Example: In Japan (ISSP, 2006) the median hours worked weekly is 45 hours:

 Hours worked weekly Frequency Percentage Cumulative percentage 2.0 1 .1 .1 3.0 2 .3 .4 4.0 3 .4 .9 5.0 3 .4 1.3 6.0 4 .6 1.8 7.0 2 .3 2.1 8.0 6 .9 3.0 9.0 10 1.4 4.4 10.0 5 .7 5.1 11.0 1 .1 5.2 12.0 9 1.3 6.5 13.0 2 .3 6.8 15.0 5 .7 7.5 16.0 5 .7 8.2 17.0 2 .3 8.5 18.0 7 1.0 9.5 19.0 2 .3 9.8 20.0 21 3.0 12.8 21.0 3 .4 13.2 22.0 2 .3 13.5 23.0 2 .3 13.8 24.0 4 .6 14.3 25.0 12 1.7 16.0 26.0 1 .1 16.2 27.0 1 .1 16.3 28.0 3 .4 16.7 29.0 1 .1 16.9 30.0 27 3.8 20.7 31.0 2 .3 21.0 32.0 3 .4 21.4 33.0 2 .3 21.7 34.0 1 .1 21.8 35.0 17 2.4 24.3 36.0 6 .9 25.1 37.0 3 .4 25.5 38.0 5 .7 26.2 39.0 1 .1 26.4 40.0 100 14.2 40.6 41.0 2 .3 40.9 42.0 19 2.7 43.5 43.0 7 1.0 44.5 44.0 3 .4 45.0 45.0 47 6.7 51.6 46.0 5 .7 52.3 47.0 2 .3 52.6 48.0 46 6.5 59.1 50.0 95 13.5 72.6 51.0 4 .6 73.2 52.0 4 .6 73.8 54.0 6 .9 74.6 55.0 25 3.5 78.2 56.0 11 1.6 79.7 57.0 3 .4 80.1 58.0 2 .3 80.4 59.0 1 .1 80.6 60.0 60 8.5 89.1 61.0 1 .1 89.2 62.0 2 .3 89.5 63.0 2 .3 89.8 65.0 8 1.1 90.9 66.0 4 .6 91.5 67.0 1 .1 91.6 68.0 1 .1 91.8 70.0 16 2.3 94.0 72.0 7 1.0 95.0 75.0 4 .6 95.6 76.0 1 .1 95.7 78.0 2 .3 96.0 80.0 8 1.1 97.2 84.0 2 .3 97.4 85.0 2 .3 97.7 90.0 2 .3 98.0 91.0 1 .1 98.2 95.0 1 .1 98.3 96 or more 12 1.7 100.0 Total 705 100.0

Finding the median of ordinal variables goes the same way. (Remember to sort the categories!)

Example: ISSP 2006, USA. „On the whole, do you think it should or should not be the government’s responsibility to…”

 …provide a job for everyone who wants one? …provide health care for the sick?
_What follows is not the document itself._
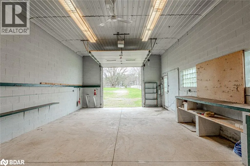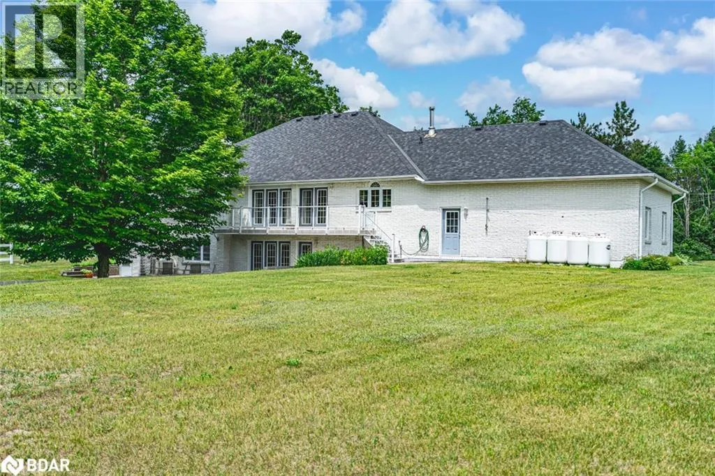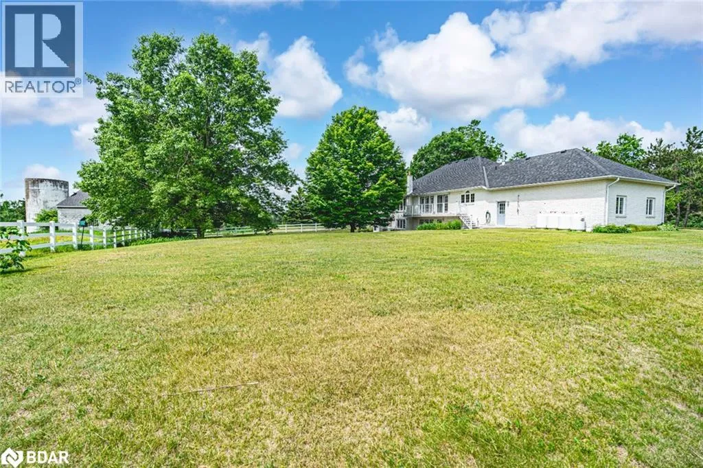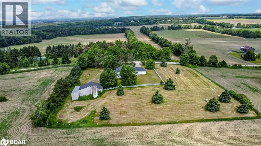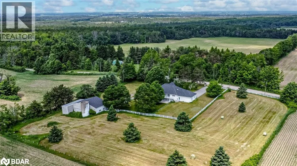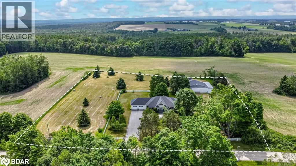 Hwy 27 North to Flos Rd 3 East BEAUTIFUL ESTATE ON NEARLY 3.5 ACRES WITH OVER 3,800 FINISHED SQ FT, DREAM SHOP & GARAGE, PLUS IN-LAW POTENTIAL! Get ready to fall in love with this beautiful estate, perfectly situated on nearly 3.5 acres under 15 mins to Barrie, Elmvale and Highway 400. Located across from the Toner Tract Trail and close to skiing, golfing, beaches, shopping, and a hospital, this property offers peaceful living without sacrificing convenience. This home showcases over 3,800 sq ft of finished living space with oversized windows, hardwood floors, crown moulding and timeless finishes. A grand front foyer welcomes you with a 15 ft arched ceiling, winding staircase and dual closets. The open-concept kitchen features a large island with a breakfast bar and ample cabinetry flowing into a great room with a walkout to a balcony with a glass railing. Host in style in the separate dining room that comfortably seats up to 10. The primary bedroom includes two walk-in closets, access to an enclosed porch, and a 5-piece ensuite. The finished walkout basement offers a self-contained unit with a kitchen, rec room with fireplace, 2 bedrooms, office, den, two full bathrooms and storage - ideal for multi-generational living. The attached 30 ft x 24.5 ft 2-car garage includes 11 ft ceilings, interior access, a backyard man door and automatic openers. A 2,500 sq ft detached garage/shop with three separate bays: (1) a heated 700 sq ft workshop with a 10 ft x 10 ft roll-up door, man door, 100 amp panel and workbench (2) a nearly 1,200 sq ft bay with 17 ft wide barn-style doors and 12.5 ft clearance with a 300 sq ft overhead storage loft and (3) a 600 sq ft bay measuring 13 ft x 46 ft with an 11 ft x 13.5 ft roll-up door and 14.5 ft ceilings. Zoning May Permit Home Industry, Home Occupation & Other Uses With Applicable Permits & Municipal Approval. Updated furnace, A/C, shingles, 200 amp service to the home, a 100 amp panel for the shop, some newer appliances and custom window treatments. (id:27476)

Freq. % Cum. % Freq. % Cum. % Definitely should be 239 15.9 15.9 850 56.4 56.4 Probably should be 356 23.7 39.6 502 33.3 89.8 Probably should not be 521 34.6 74.2 116 7.7 97.5 Definitely should not be 388 25.8 100.0 38 2.5 100.0 Total 1504 100.0 1506 100.0

Find the median of both variables, interpret their difference.
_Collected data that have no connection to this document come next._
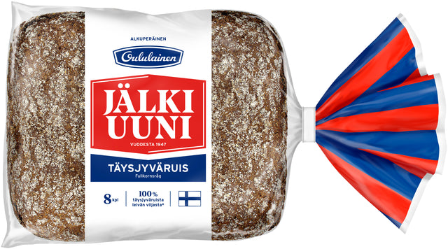 Oululainen Jälkiuuni Fullkornsråg har den unika och kraftiga smaken av råg, som är karaktäristisk för efterugnsbröd, och rejält med tuggmotstånd i lättanvänd form. Oululainen Jälkiuuni Fullkornsråg får sin unika smak och konsistens genom lång gräddning på efterugnsvärme. Avnjut Oululainen Jälkiuuni Fullkornsråg med äkta smör eller gör en näringsrik smörgås med olika pålägg! Bakas i Lahtis av finländsk spannmål.
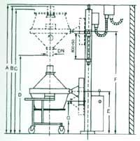 [應 用] 本機是為滿足GMP技術規范而設計的提升,卸料裝置。 應用于和FL、PGL等一步制粒機,GFG和FG沸騰干燥機等配套,從而實現無塵裝、卸料操作。[特 點] 采用液壓控制、安全可靠。 可與流化床料斗緊密配合,達到封閉操作。 GMP規范設計、制作。[結構示意圖]
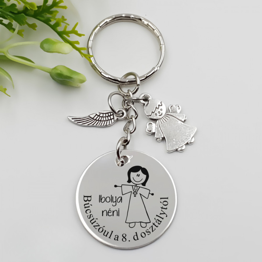 A kulcstartó nemesacél medáljára a figura mellé a tanár neve és az alsó íves részre bármilyen egyedi felirat is gravírozható. Pl.: „Köszönjük a 12.b osztály nevében”. "Szeretettel a 8.d osztálytól!" stb. Ez garantáltan személyessé és különlegessé teszi az ajándékot.
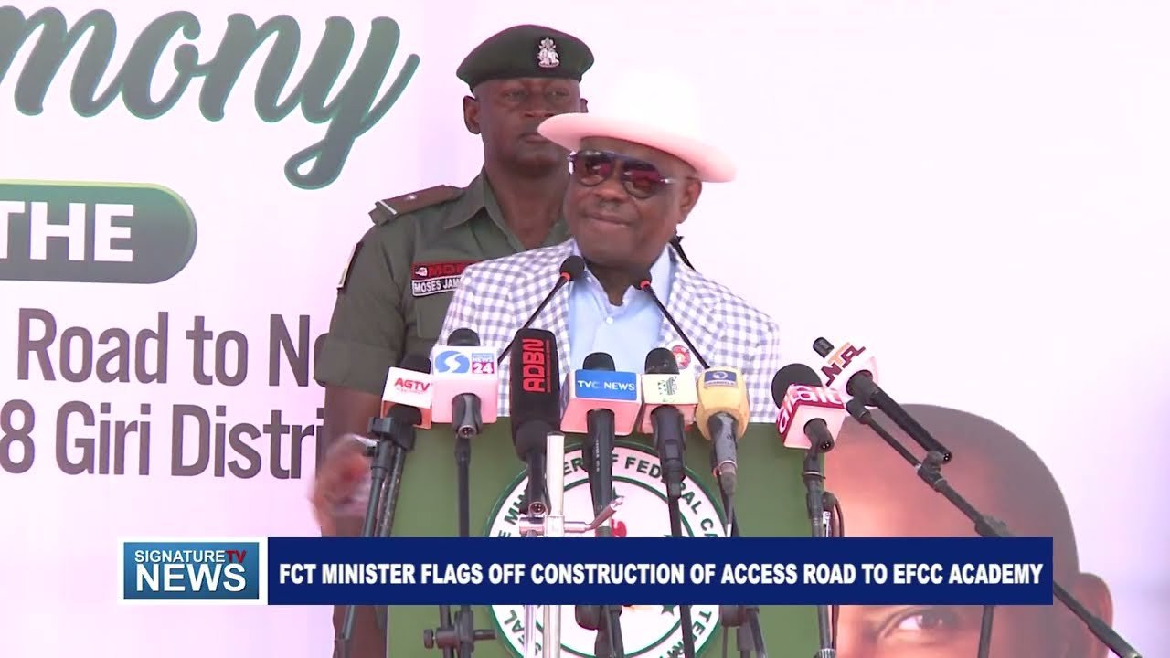 The Minister of the FCT, Nyesom Wike on Thursday, flagged off the construction of the access road to the new EFCC Academy Site in the Giri District of Abuja.
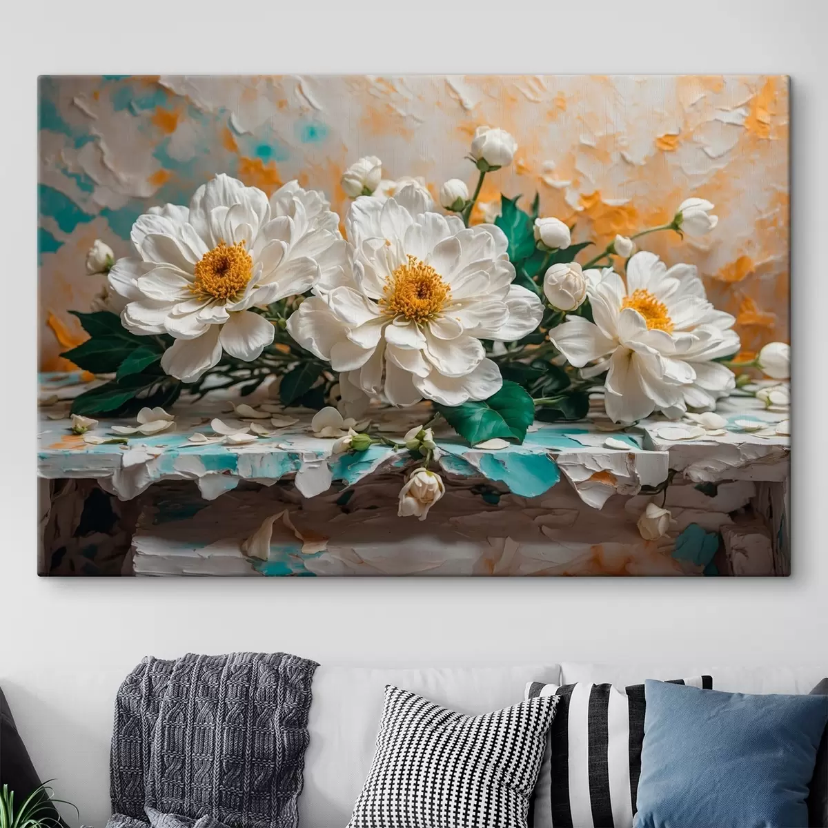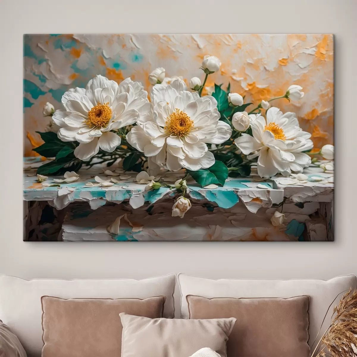 Obraz Białe kwiaty na stole na abstrakcyjnym tle Nr s42924
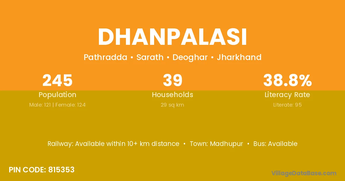 Dhanpalasi village has a total population of 245 people, of which 121 are males and 124 are females.
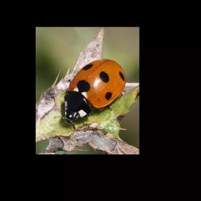 We see our first seven-spot ladybird of the year, exploring the stems for aphids. Clearly 3 spots on the side of each wing, and one joined at the top, making 7.
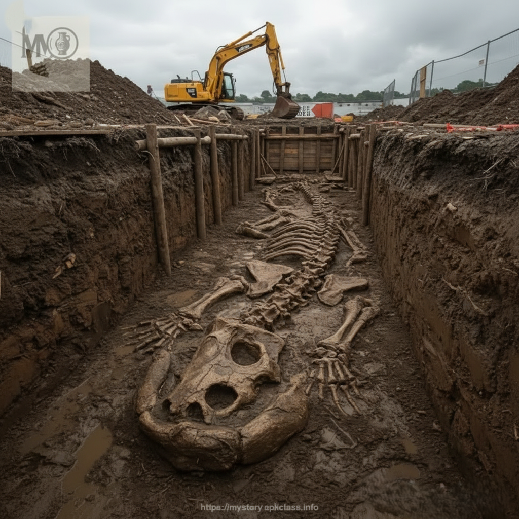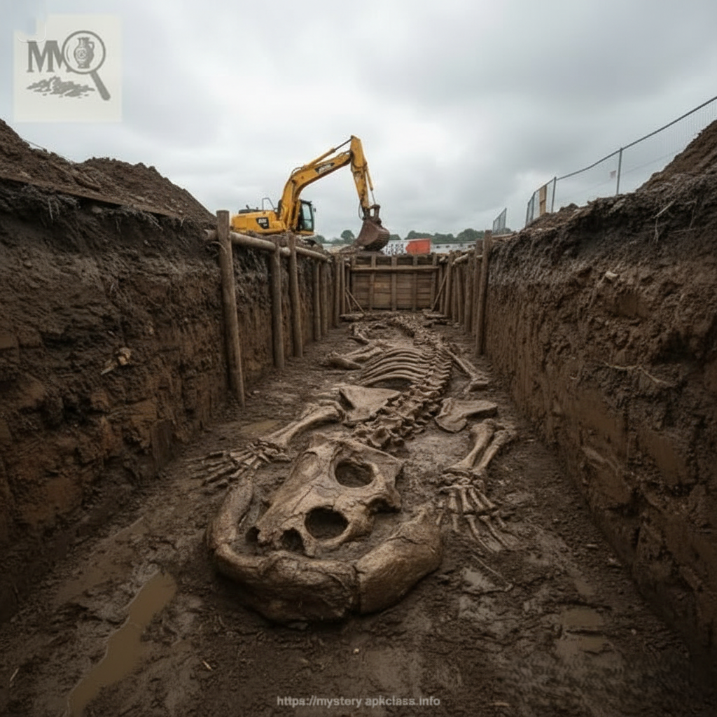 A routine excavation in the United Kingdom has escalated into one of the most widely debated archaeological mysteries of the year. Workers clearing a deep trench in a rain-soaked construction zone stumbled upon what appears to be the massive skeletal remains of an unknown humanoid figure. Within hours, images from the site—showing a towering skull and enormous bone structures emerging from thick layers of mud—spread across social media, triggering a global wave of fascination, skepticism, and intense speculation.
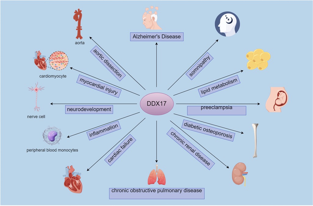 Figure 3. DDX17-Associated pathophysiological roles and target cells/tissues.DDX17 connects to conditions like Alzheimer's disease, aortic dissection, and chronic renal disease, alongside target cells/tissues such as cardiomyocytes, nerve cells, and the aorta.It links to neurological (Alzheimer's, neurodevelopment), cardiovascular (aortic dissection, myocardial injury), and metabolic/renal (lipid metabolism, chronic renal disease) pathways, via cells like nerve cells and peripheral blood monocytes.
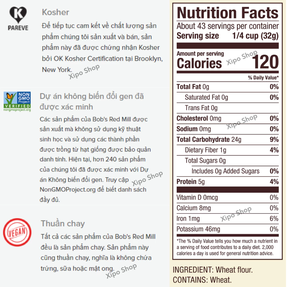 - Nhà sản xuất : Bob's Red Mill Natural Foods, Inc.
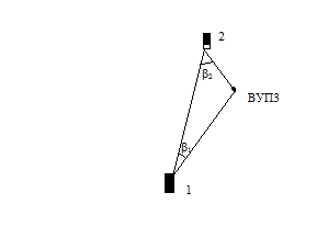 β 1=(α 1-ВУП1 – α 1-2)=78º 57΄ 56˝; β 2=(α 2-1 – α 2-ВУП1)= 55º 05΄ 30˝.

An application: detecting a trend

USA, General Social Survey, 1991 and 1994, Government spending on the military.

 1991 1994 % Cumulative % % Cumulative % Too low 14.5 14.5 16.5 16.5 About right 57.6 72.1 49.3 65.8 Too much 27.9 100.00 34.2 100.0 Total 100.0 100.0

The median was “About right” in both year. According to the median, public opinion did not change between the two years.

Note that the unchanged median masks the fact that percentage of “Too much” increased by its fourth.